As I mentioned in the comments, the Dropout layer is turned off in inference phase (i.e. test mode), so when you use model.predict() the Dropout layers are not active. However, if you would like to have a model that uses Dropout both in training and inference phase, you can pass training argument when calling it, as suggested by François Chollet:
# ...
new_dropout = Dropout(drp)(first_dropout_layer, training=True)
# ...
Alternatively, If you have already trained your model and now want to use it in inference mode and keep the Dropout layers (and possibly other layers which have different behavior in training/inference phase such as BatchNormalization) active, you can define a backend function that takes the model's inputs as well as Keras learning phase:
from keras import backend as K
func = K.function(model.inputs + [K.learning_phase()], model.outputs)
# to use it pass 1 to set the learning phase to training mode
outputs = func([input_arrays] + [1.])
your question has a simple solution in the latest version of Tensorflow. you can set the training argument of the call method to true.
you can run a code like the below code:
model(input,training=True)
by using training=True TensorFlow automatically applies the Dropout layer in inference mode.
As there are already some working code solutions above, I will simply add a few more details regarding dropout during inference to prevent confusion.
Based on the original paper, Dropout layers play the role of turning off (setting gradients to zero) the neuron nodes during training to reduce overfitting.
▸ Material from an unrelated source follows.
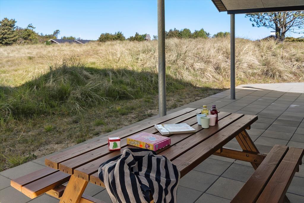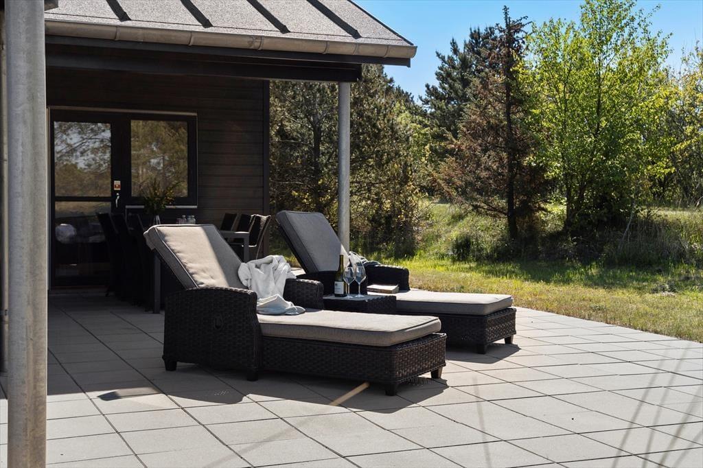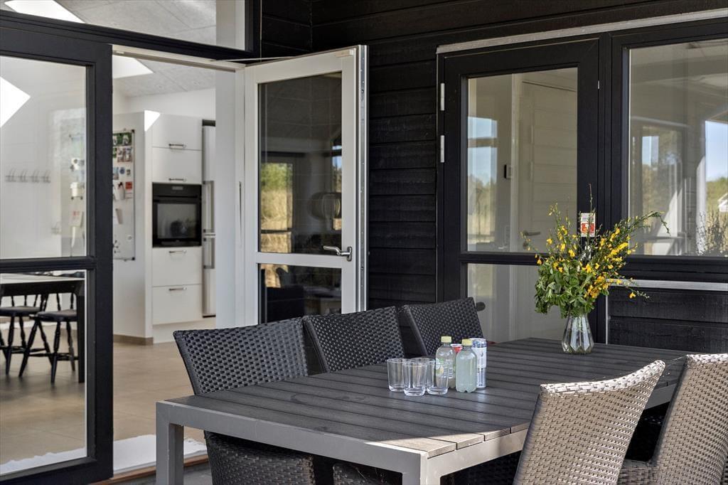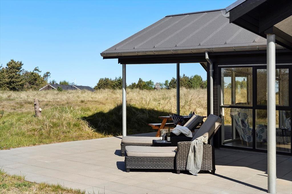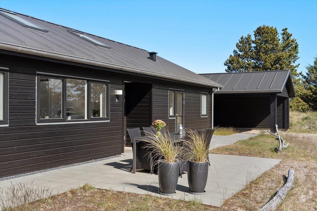 An einem sonnigen Sommertag können Sie das Faulenzen im Freien beginnen, sobald Sie aufwachen. Die Terrasse ist groß und verfügt sowohl über offene als auch überdachte Bereiche, sodass Sie frei wählen können, ob Sie Ihren Morgenkaffee in der Sonne trinken oder einen schattigen Sitzplatz finden möchten. Hier können Sie stundenlang sitzen, wenn das Ihr Traum ist, und eine Runde Wikingerspiele oder andere Gartenspiele kann auch auf dem Rasen stattfinden, bevor die Familie sich zu einem leckeren Mittagessen im Freien versammelt. Auf dem Naturgrundstück gibt es einen Carport, und wenn Sie mit einem Elektroauto angekommen sind, haben Sie die Möglichkeit, es aufzuladen.

However, once we finish off with training and start testing the model, we do not 'touch' any neurons, thus, all the units are considered to make the decision when inferencing. This causes previously 'dead' neuron weights to be large than expected due to the usage of Dropout. To prevent this, a scaling factor is applied to balance the network node. To be more precise, if a unit is retained with probability p during training, the outgoing weights of that unit are multiplied by p during the prediction stage.